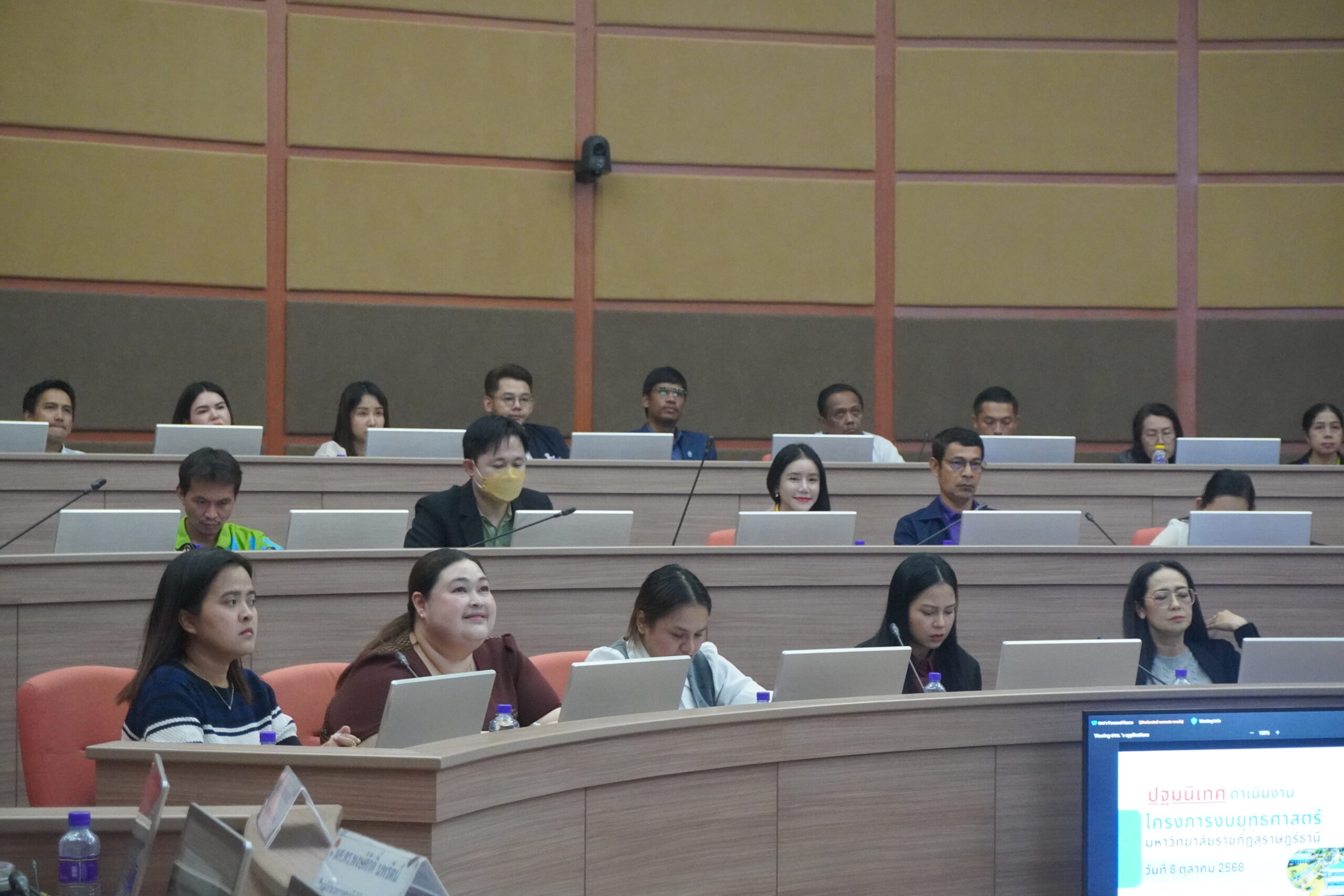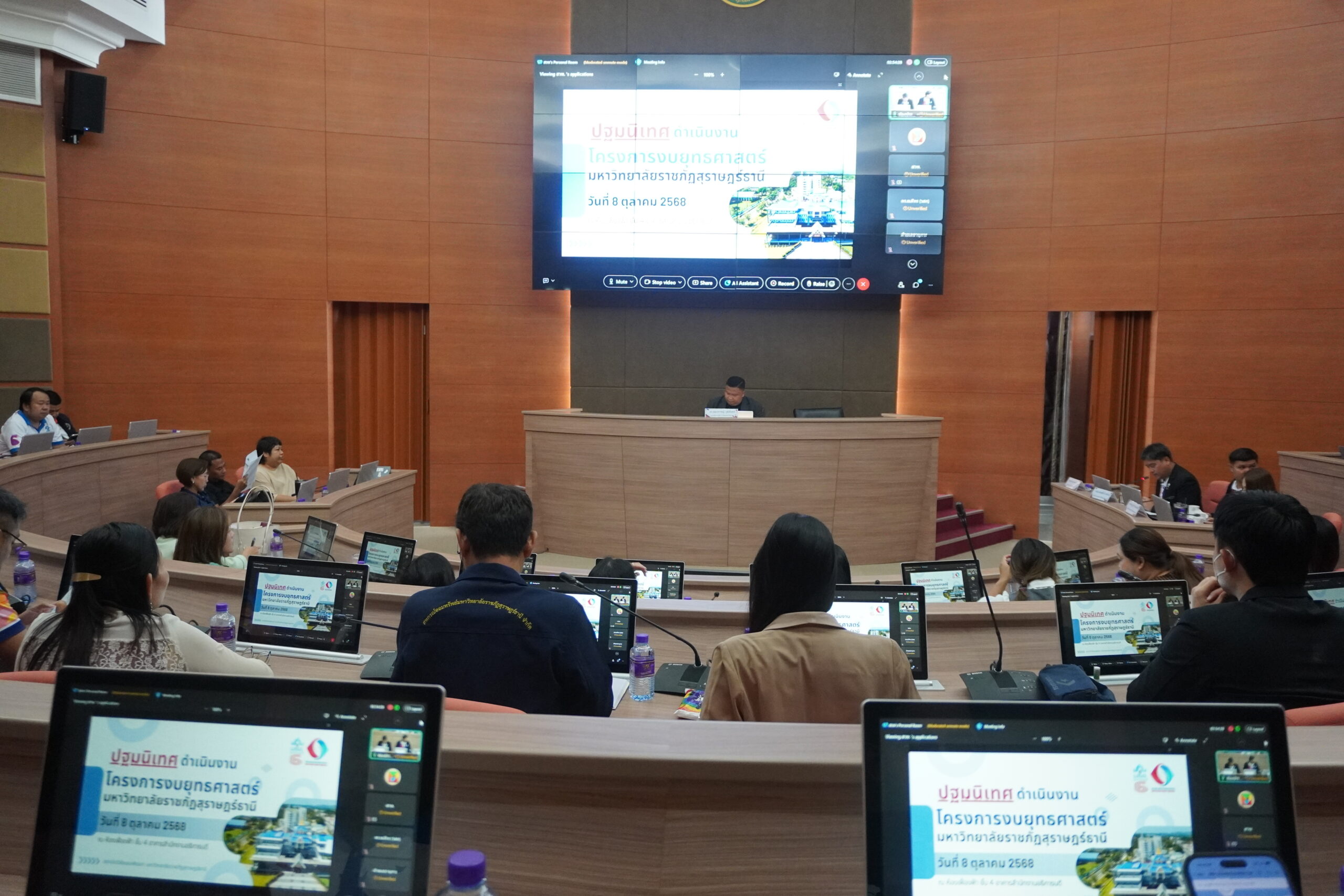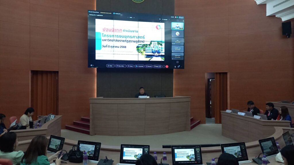 และในช่วงเวลา 10.30 น. ได้จัดการปฐมนิเทศการดำเนินงานโครงการงบยุทธศาสตร์ มหาวิทยาลัยราชภัฏสุราษฎร์ธานี เพื่อการพัฒนาท้องถิ่น ประจำปีงบประมาณ พ.ศ. 2569 โดยมีวัตถุประสงค์เพื่อให้นักวิจัยที่ได้รับทุนสนับสนุนสามารถดำเนินโครงการได้อย่างถูกต้อง เพื่อให้เป็นไปตามระเบียบ ตามขั้นตอน และตามระยะเวลาที่กำหนด ทั้งนี้เพื่อให้ผลการดำเนินงานเกิดประสิทธิภาพสูงสุด และสะท้อนผลลัพธ์เชิงประจักษ์ที่สนับสนุนพันธกิจของมหาวิทยาลัยใน การพัฒนาท้องถิ่นอย่างแท้จริง
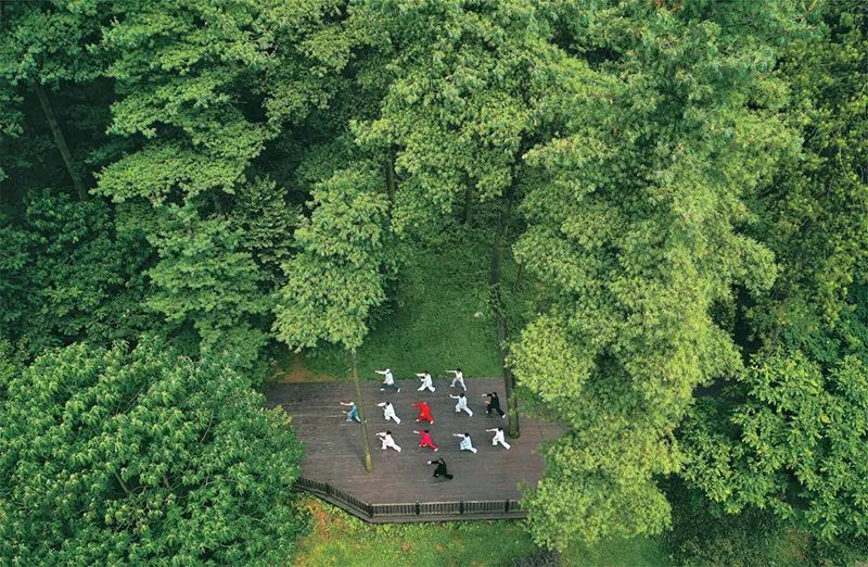 2022年以来,贵州省贵阳市以长坡岭国家级森林公园为试点,建设贵州首个“林长制”主题公园,开展习近平生态文明思想、林长制政策、森林资源保护发展政策等宣传,促进形成全社会爱林、护林、兴林的良好氛围。图为2022年7月13日,市民在长坡岭国家级森林公园里健身(无人机照片)。 新华社记者 杨文斌/摄
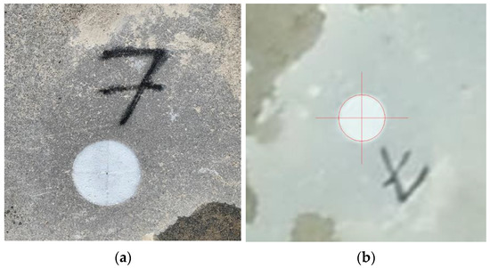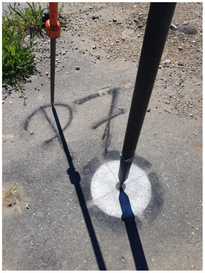 To investigate the possibility of using unmanned aircraft for the purpose of geodetic surveying, a research site in the city of Samobor was established. The research site consisted of 7 GCPs and 19 CPs, in the part of cadastral parcel no. 2690/16 in the cadastral municipality Samobor, as shown in Figure 1. GCPs and CPs were drawn using a previously made point model and painted with white spray on the asphalt surface as circles with a diameter of 20 cm, and a black border was added to the GCPs as shown in Figure 2. The study site was first measured by the classical method of geodetic surveying, the polar method, using a total station. Leica TCRP1201 robotic total station was used, which has a standard deviation of the accuracy of determining angles of 1” according to ISO standard 17123-3 and the accuracy of determining distances of 2 mm + 2 ppm according to ISO standard 17123-4 [22]. After that, all points, GCPs and CPs, were measured by the GNSS RTK method using a Topcon HiPer SR receiver, which in RTK measurement mode has a horizontal accuracy of 10 mm + 1.0 ppm, and a vertical accuracy of 15 mm + 1.0 ppm [23]. GCPs were measured in two independent repetitions, where each repetition had three consecutive measurements, and each measurement epoch had a duration of 30 s. In accordance with the Ordinance on the method of performing basic geodetic work [24], all GCPs were measured again in the same way after two hours. CPs were measured once in a way that each measurement had a duration of six seconds. The GNSS RTK method was used to determine the coordinates of all points in the official map projection HTRS96/TM, and the polar method to increase the positional “strength” of points in all directions, i.e., to increase the relative accuracy between them. By adjusting all the measurements from both, the polar method and GNSS RTK survey, the coordinates of the measured points collected by classical methods were obtained. Those coordinates were taken as error-free in the a posteriori performed analysis due to relatively low theoretical deviations from the theoretical deviations obtained by the aerial photogrammetry method. CPs were used to assess the absolute accuracy of the models. With CPs, it is possible to obtain the difference between the reconstructed model and the actual position of points.
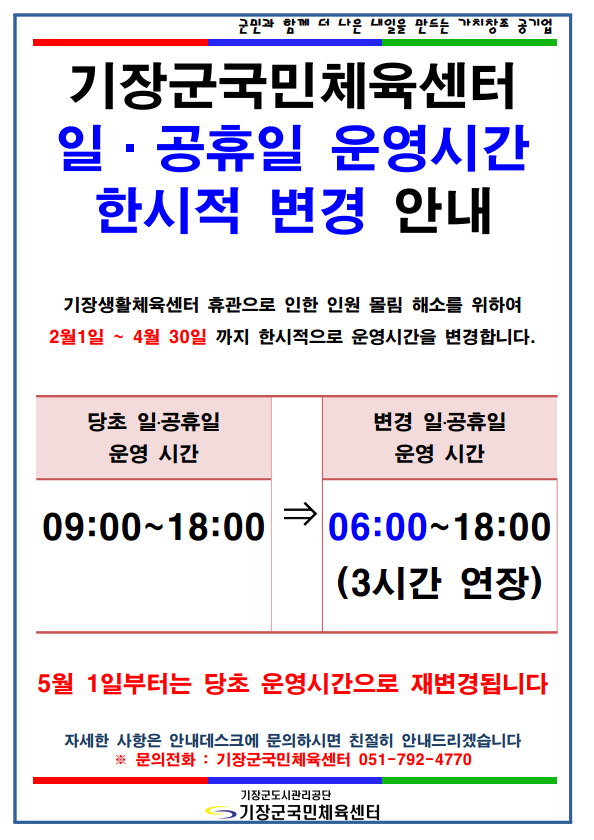 기장군국민체육센터 일 공휴일 운영시간 한시적 변경 안내 부서 - 등록일자 2024년 1월 19일 19시 10분 18초 조회 316 기장군국민체육센터 일 공휴일 운영시간 한시적 변경 안내.png [ Size : 93.63KB , Down : 267 ] 미리보기 다운로드 목록보기
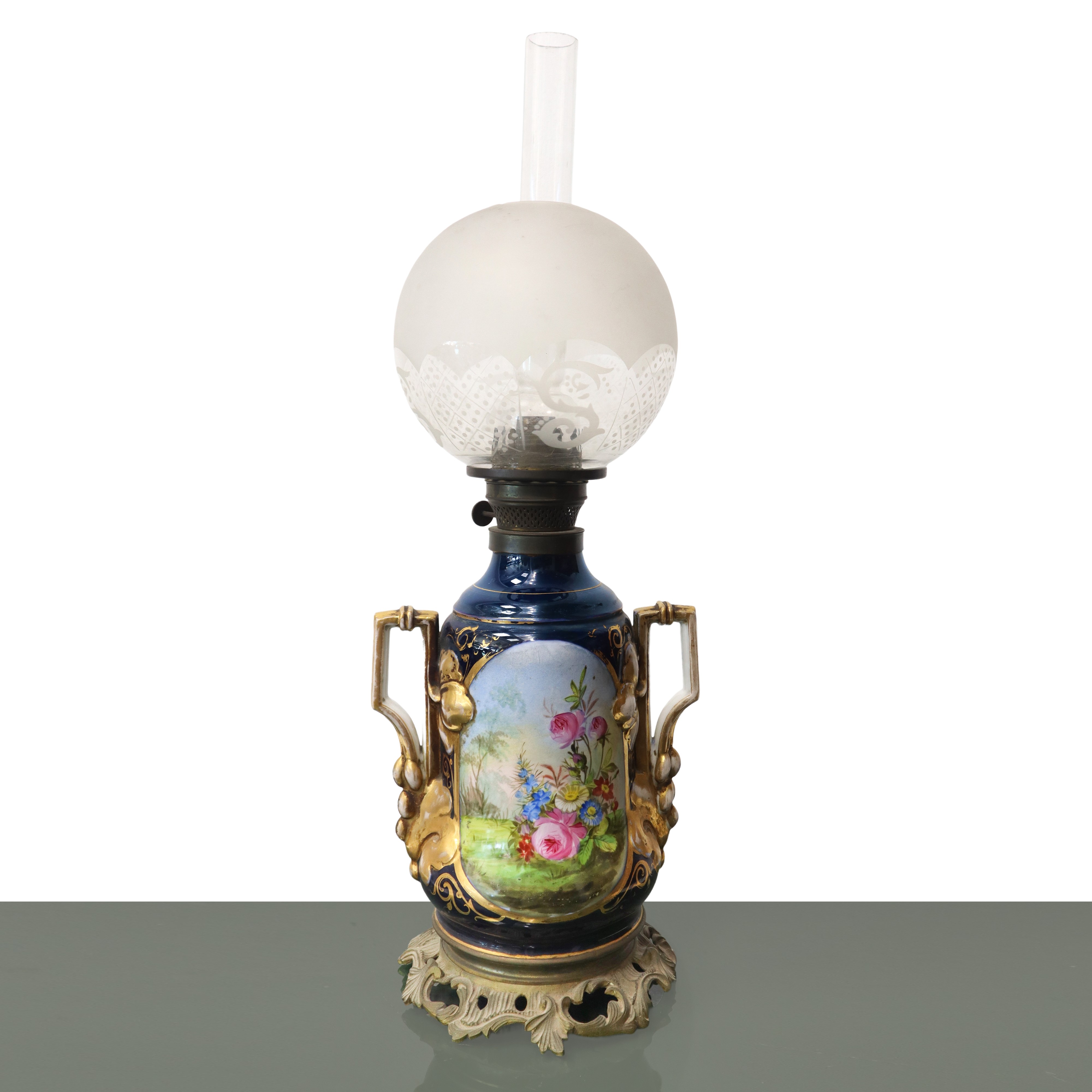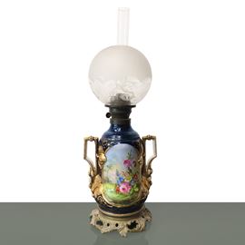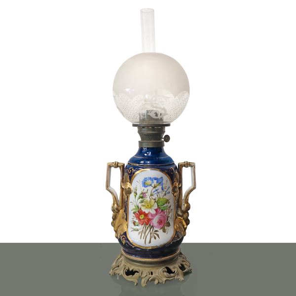 Blue porcelain oil lamp with floral decoration and ball-shaped bowl
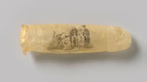 It is thought to be made of a sheep’s appendix and features an explicit print representing a nun and three clergymen.
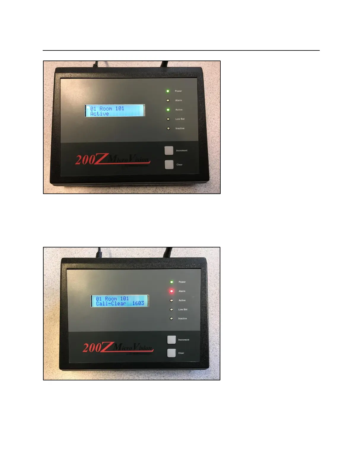 “Call-Clear” (see above). When this happens, press the Clear button. The alarm will clear from
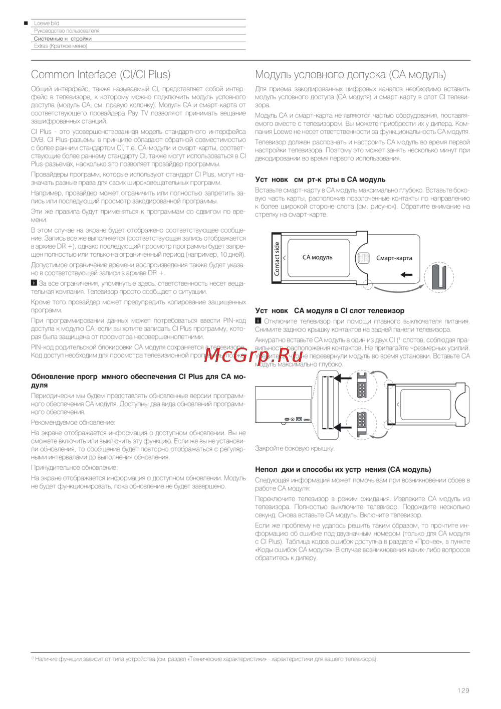 доступа (модуль CA, см. правую колонку). Модуль CA и смарт-карта от
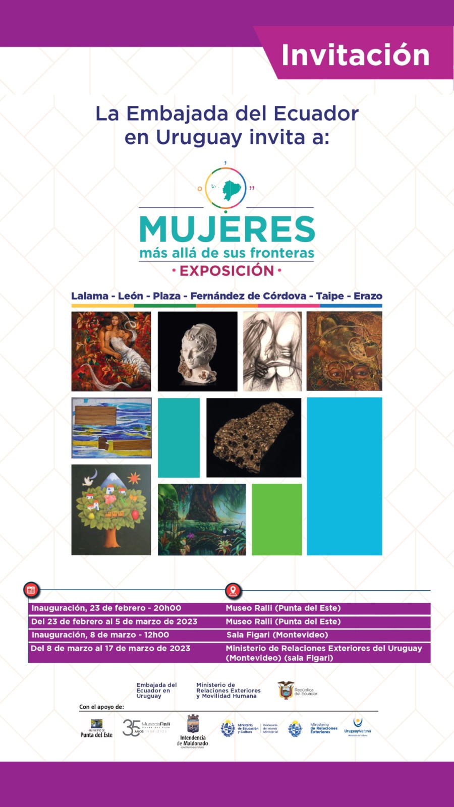 La Embajada del Ecuador en Uruguay invita a la muestra de las siguientes artistas:
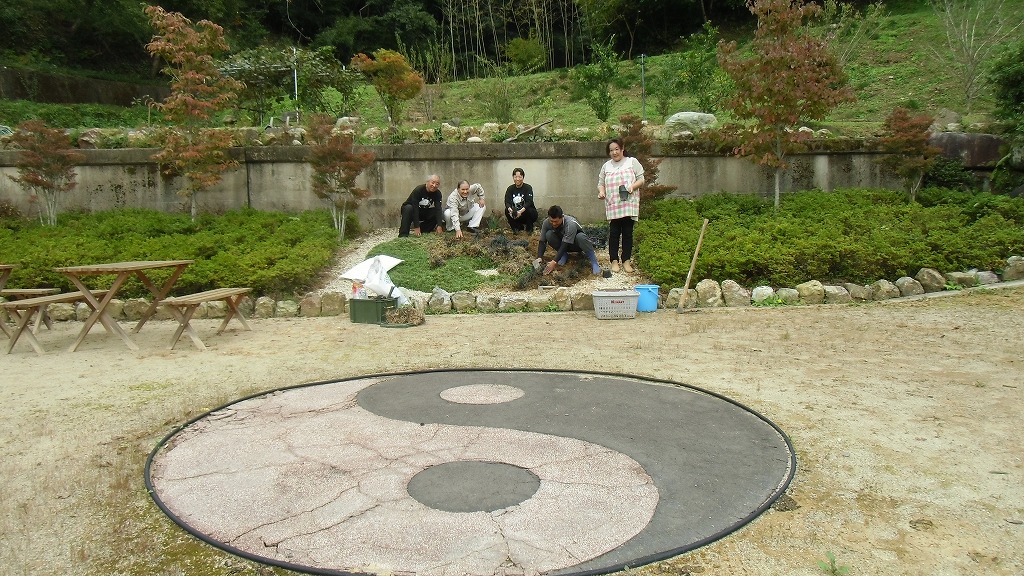 太極山荘の象徴である陰陽模様の花壇も見事にひっくり返されました。
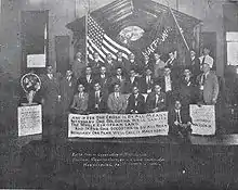 First Macedonian associations in the United States date back to 1899, with the foundation of the "Macedonian-Bulgarian Society Vasil Levski". Other associations include "Bulgarian-Macedonian American Committee" founded in 1904, "Nadezhda" founded in 1908, etc. In September 1913, delegates from Macedonian organizations in the United States and Canada gathered in Chicago, Illinois to form a Macedonian-Bulgarian National Union. The union published the newspaper "Svoboda", and had as its objective the autonomy for Ottoman Macedonia and the Adrianople area. Some members of these organizations participated in the Balkan Wars as volunteers in the Macedonian-Adrianopolitan Volunteer Corps[11]
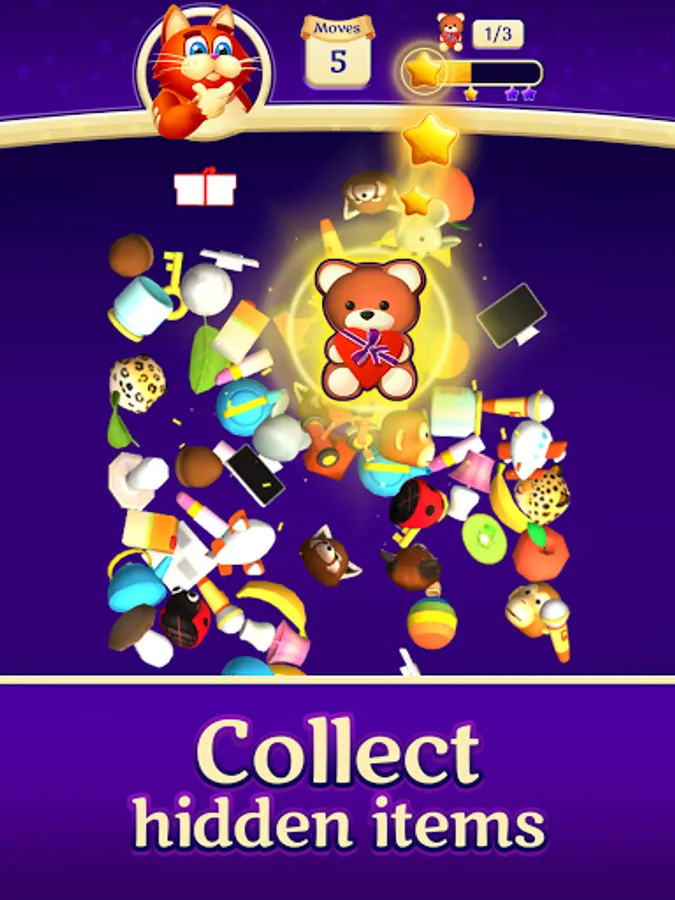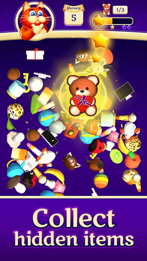 Mittens the cat has a soft spot for teddy bears! In some levels you’ll need to find the teddy by matching 3d presents until the perfect present is found. It may sound easy, but only tactical players will be able to create the combo matches required to complete Hard levels!

----

Exercise directions:
Repeat word for word only the lines from the line holding "It is thought" to the final line of the material, both included. Don't carry over any picture.

Task response:
 It is thought to be made of a sheep’s appendix and features an explicit print representing a nun and three clergymen.
 “Call-Clear” (see above). When this happens, press the Clear button. The alarm will clear from
 доступа (модуль CA, см. правую колонку). Модуль CA и смарт-карта от
 La Embajada del Ecuador en Uruguay invita a la muestra de las siguientes artistas:
 太極山荘の象徴である陰陽模様の花壇も見事にひっくり返されました。
 First Macedonian associations in the United States date back to 1899, with the foundation of the "Macedonian-Bulgarian Society Vasil Levski". Other associations include "Bulgarian-Macedonian American Committee" founded in 1904, "Nadezhda" founded in 1908, etc. In September 1913, delegates from Macedonian organizations in the United States and Canada gathered in Chicago, Illinois to form a Macedonian-Bulgarian National Union. The union published the newspaper "Svoboda", and had as its objective the autonomy for Ottoman Macedonia and the Adrianople area. Some members of these organizations participated in the Balkan Wars as volunteers in the Macedonian-Adrianopolitan Volunteer Corps[11]
 Mittens the cat has a soft spot for teddy bears! In some levels you’ll need to find the teddy by matching 3d presents until the perfect present is found. It may sound easy, but only tactical players will be able to create the combo matches required to complete Hard levels!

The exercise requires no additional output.